Active clinical trials for "Hematologic Neoplasms"

The objective of this project is to compare chemosensitivity between chemotherapy combinations in bone marrow aspirates using 3D organoid models. The investigators overarching hypothesis is that 3D organoids are ideal to test chemosensitivity in real time, to provide personalized medicine and guidance in the setting of relapsed hematologic malignancy and potentially other cancers.

The Leukemia and Lymphoma Society (LLS) has built a National Research Registry to evaluate real world experiences and medical outcomes for people with blood cancer, before, during, and after blood cancer treatments.

This research study is a genomic profiling and repository study for children and young adults who have leukemia, myelodysplastic syndrome (MDS) or myeloproliferative syndrome (MPS). Genes are the part of cells that contain the instructions which tell cells how to make the right proteins to grow and work. Genes are composed of DNA letters that spell out these instructions. Genomic profiling helps investigators understand why the disease develops and the instructions that led to its development. Understanding the genetic factors of the disease can also help investigator understand why the disease of some people can respond to certain therapies differently than others. The genomic profiling will be performed using bone marrow and blood samples that either have already been obtained during a previous clinical procedure or will be obtained at the time of a scheduled clinical procedure. Studying the genetic information in the cells of these samples will provide information about the origin, progression, and treatment of leukemia and myeloproliferative syndromes and myelodysplastic syndrome. Storing the bone marrow and blood samples will allow for additional research and genomic assessments to be performed in the future.

This study is being done because the investigators would like to learn more about how well the COVID-19 vaccine works in participants with cancer or those who have received a transplant or cellular therapy. Primary Objective Assess the immunogenicity to COVID-19 vaccination in patients with cancer and/or transplant and cellular therapy (TCT) recipients. Secondary Objectives Evaluate the antibodies response to COVID-19 vaccination in immunocompromised patients. Evaluate the T cell response to COVID-19 vaccination in immunocompromised patients. Exploratory Objectives Assess incidence and severity of COVID-19 infections by 6 months following immunization with a SARS CoV-2 vaccine. Assess the durability immune response to COVID-19 vaccination. Assess the immunogenicity of COVID-19 vaccination in immunocompetent children and adolescents without cancer and have not undergone transplant or received cellular therapy.

This is a retrospective/prospective, cohort, non-interventional observational study. This means that all patients with documented COVID and HM diagnosed between February 2020 and study initiation will compose the retrospective part, while those diagnosed after study approval will enter prospective part. The total duration of the study will be 12 months. The study population will must be older than 18 years of age with HM and SARS-CoV-2 infection. All patients with documented SARS-CoV-2 infection (COVID) and history or active hematological malignancies, who refer to any Hematological Unit will be included.

This is a multi-center study to evaluate the clinical performance of ClearLLab LS screening panel with specimens from subjects for the diagnosis of hematologic malignancies.

This research study is creating a way to collect and store specimens and information from participants who may be at an increased risk of developing cancer, or has been diagnosed with an early phase of a cancer or a family member who has a family member with a precursor condition for cancer. The objective of this study is to identify exposures as well as clinical, molecular, and pathological changes that can be used to predict early development of cancer, malignant transformation, and risks of progression to symptomatic cancer that can ultimately be fatal. The ultimate goal is to identify novel markers of early detection and risk stratification to drive potential therapeutic approaches to intercept progression to cancer.

The primary purpose of this IRB protocol is to perform immune profiling focusing on the measurement of Myeloid derived suppressor cells (MDSCs) over time in patients receiving Chimeric antigen receptor (CAR) T therapy and determine the correlation between immune profile and disease relapse/resistance in CAR T therapy.

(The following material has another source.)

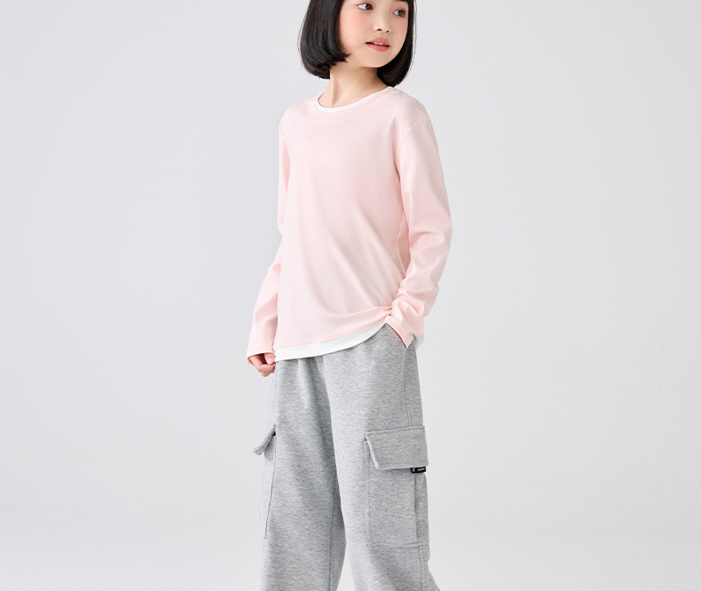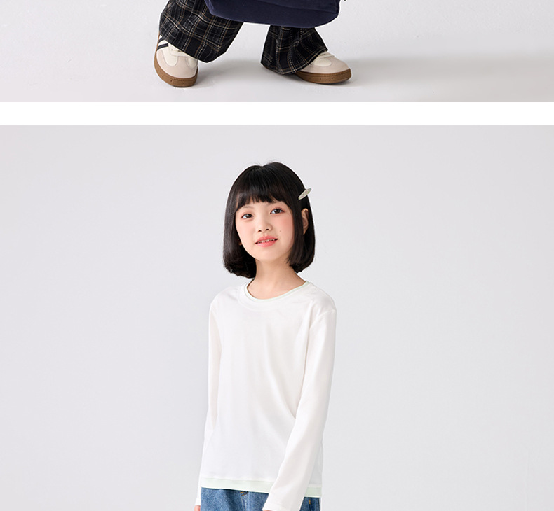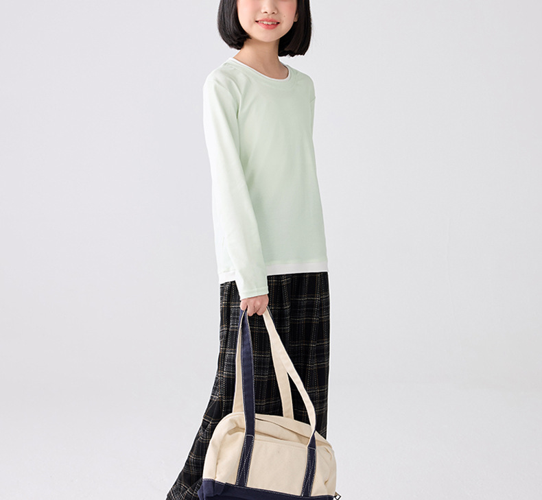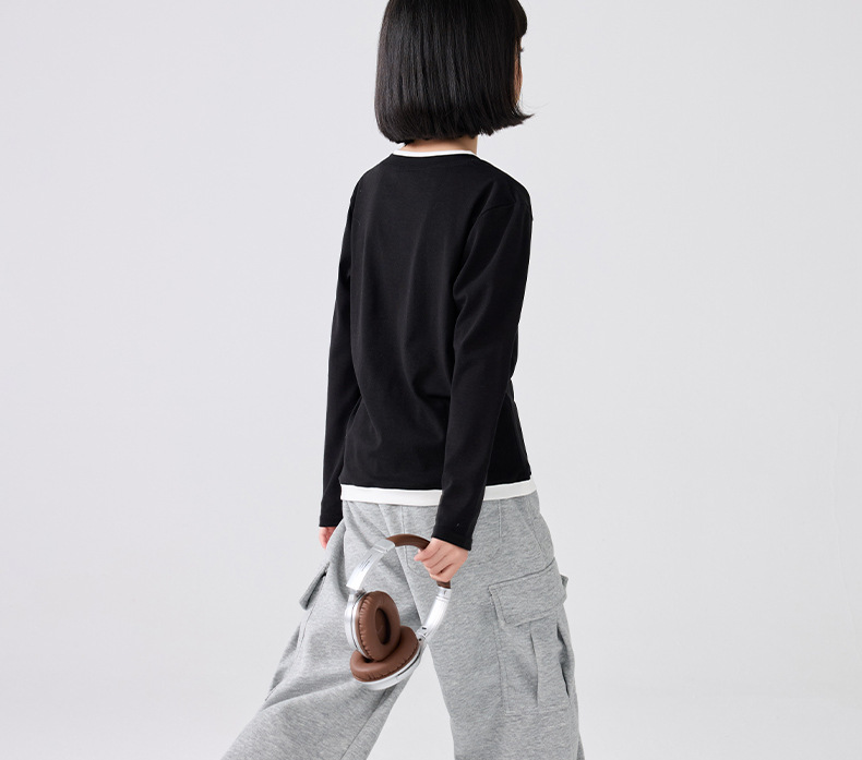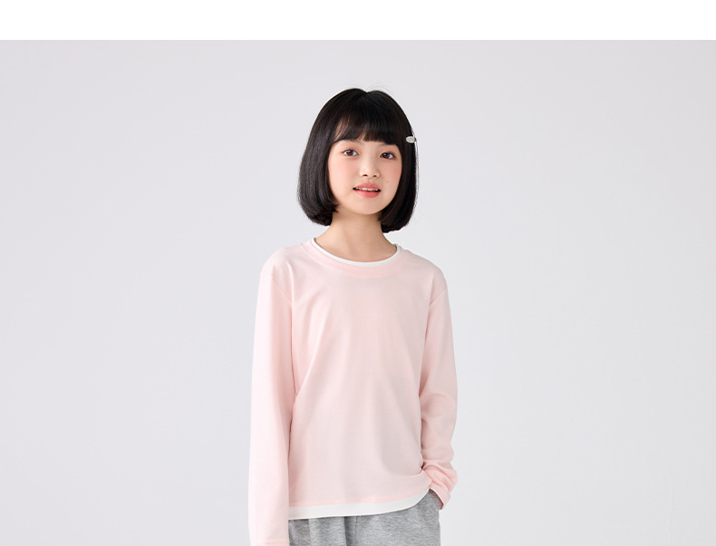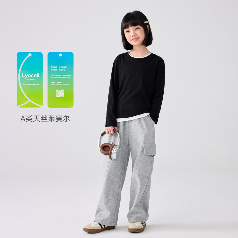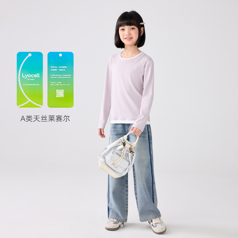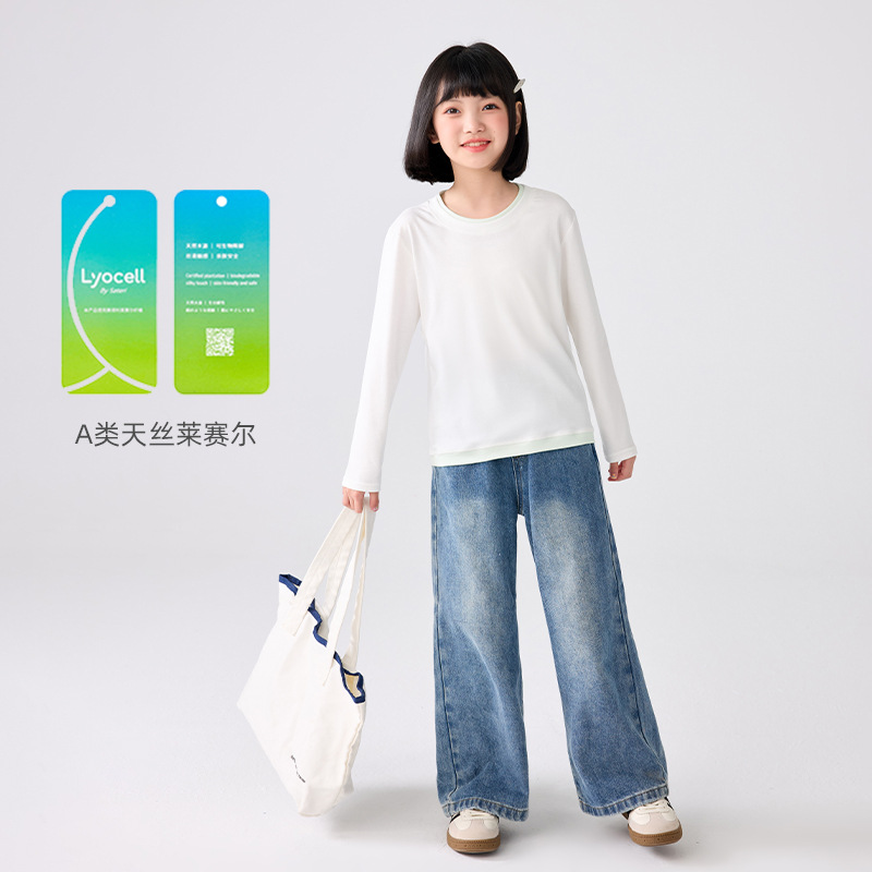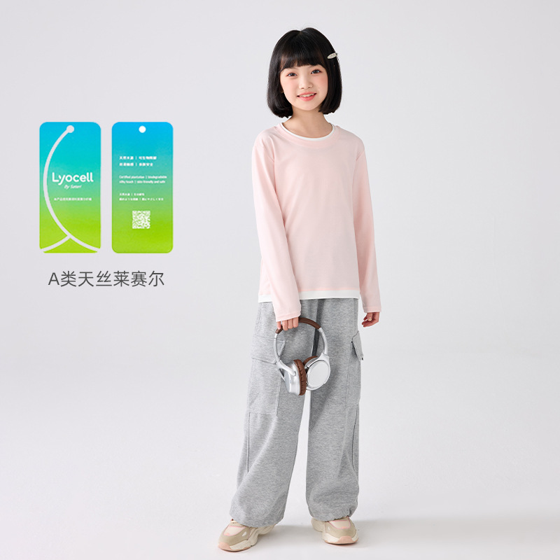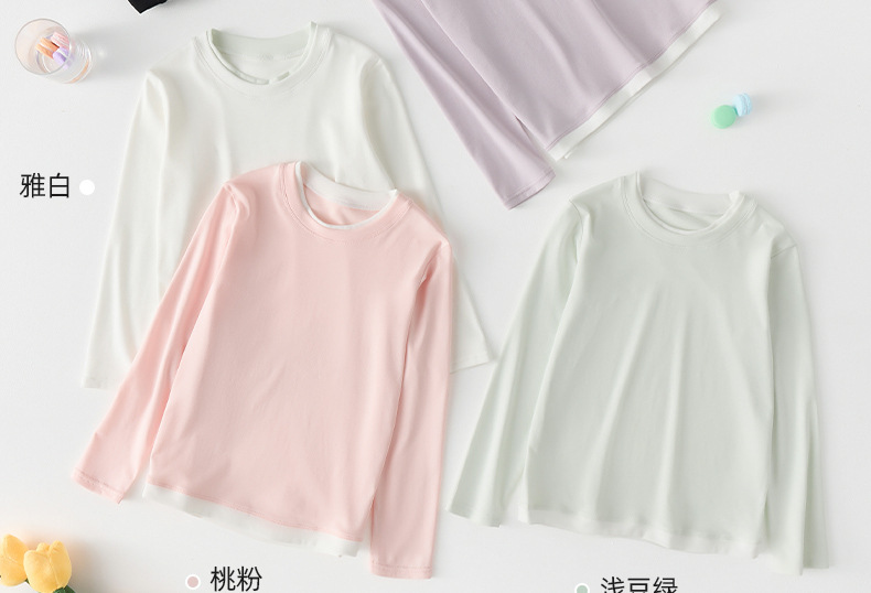 봄과 가을 소녀 텐셀 리오셀 가짜 투피스 바닥 셔츠 아동용 루즈 탑 중대형 아동 여름 긴팔 티셔츠

Prospective single-center observational study assessing prevalence of FID (Laboratory work-up) and Quality of Life (Questionnaire) in adult patients with oncological and with haematological malignancies within four weeks prior to disease-directed therapy.

Previous studies had found that the microbe in intestinal after allogeneic hematopoietic cell transplantation(allo-HSCT) were closely associated with overall survival and post-transplantation complications, especially graft versus host disease (GVHD).Due to the limited data on the association of microbiota composition with chronic GVHD(cGVHD) after allogeneic hematopoietic stem cell transplantation, the relationship between microbiota composition and post-transplantation complications, especially cGVHD, needs to be further evaluated.Detailed studies of the microbiome and host immune system will lead to the discovery of microbiome markers for early identification of patients at high risk for cGVHD. This may regulate patients' gut microbiota in an individualized manner to achieve optimal treatment outcomes while avoiding severe post-transplant cGVHD. We will operate a prospective, multicenter, nonrandomized, observational study. Patients will be asked to provide blood and stool samples during allo-HSCT.